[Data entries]
***
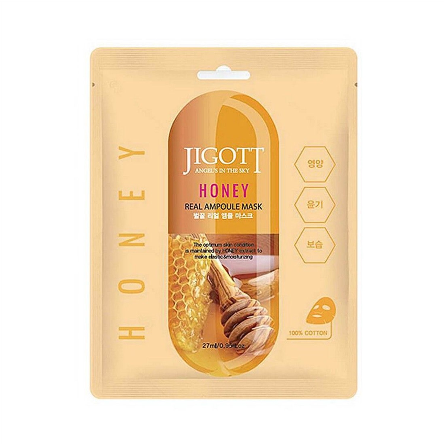 Ампульная маска Jigott Honey Real Ampoule Mask с экстрактом мёда ухаживает и преображает кожный покров благодаря насыщению клеток живительной влагой, полезными и питательными веществами. Средство разработано на основе активных компонентов природного происхождения, среди которых мед — мощный антиоксидант, омолаживающий и антивозрастной агент, а также прополис, богатый большим количеством аминокислот, полифенолов, микроэлементов и ферментов, необходимых для правильного функционирования кожного покрова.
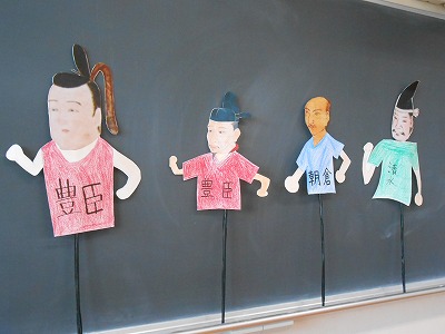 1時間目は昨日に引き続き「学びと力の発表会」の準備を進めました。6年生は、戦国時代について発表を行います。そこで、戦国武将を分かりやすく登場させるための「ペープサート作り」に取り組んでいました。
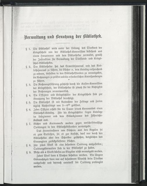 Verwaltung und Benutzung der Bibliothek.
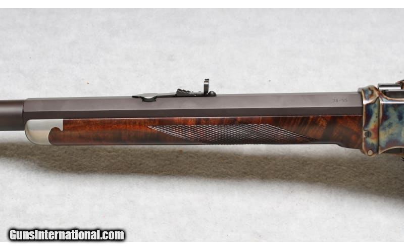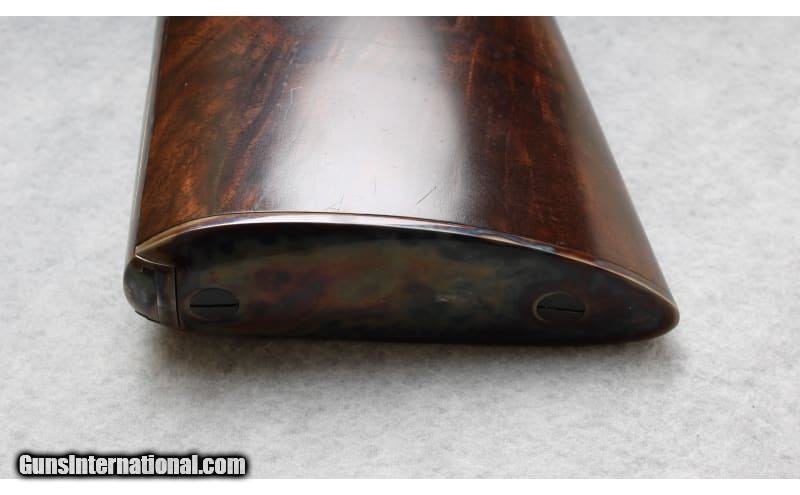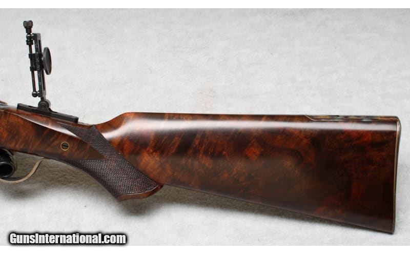 Description: Excellent condition, light wear and handling marks. Superbly crafted Sharps style rifle - 26" half octagon barrel, adjustable tang sight, bright case coloring on receiver, hammer, lever and smooth butt plate. Outstanding wood with fine checkering and silver forend cap. This classic rifle would be a prized addition to any collection. .38-55 Winchester SOLD Chambers: Single shot Metal Condition: Excellent Wood Condition: Excellent Bore Condition: Bright Barrels: 26 Triggers: Factory Stock Dimensions: 13 1/2" LOP Fore End: Checkered with metal cap Butt Pad: Metal butt plate Sights: Adjustable folding tang sight Item Location: La Vista, NE |
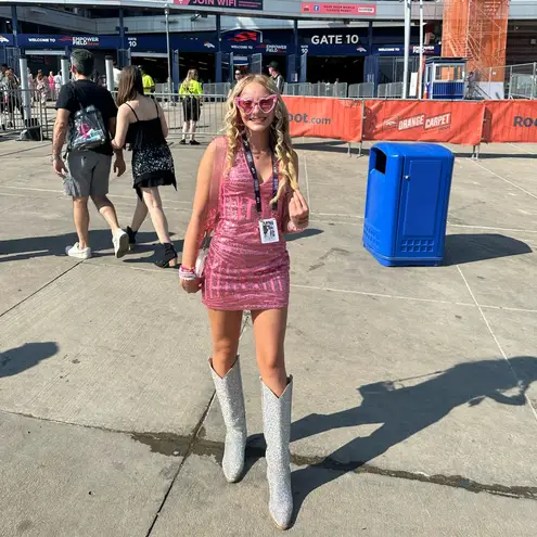 Stunning pink midi dress with shimmering sequins. Sleeveless design with a flattering V-neckline. Pe... Show more
***
Leaving out the pictures, print each line of the records above from the first up to and including the one that contains "Verwaltung und Benutzung der Bibliothek.", exactly as written.

 Ампульная маска Jigott Honey Real Ampoule Mask с экстрактом мёда ухаживает и преображает кожный покров благодаря насыщению клеток живительной влагой, полезными и питательными веществами. Средство разработано на основе активных компонентов природного происхождения, среди которых мед — мощный антиоксидант, омолаживающий и антивозрастной агент, а также прополис, богатый большим количеством аминокислот, полифенолов, микроэлементов и ферментов, необходимых для правильного функционирования кожного покрова.
 1時間目は昨日に引き続き「学びと力の発表会」の準備を進めました。6年生は、戦国時代について発表を行います。そこで、戦国武将を分かりやすく登場させるための「ペープサート作り」に取り組んでいました。
 Verwaltung und Benutzung der Bibliothek.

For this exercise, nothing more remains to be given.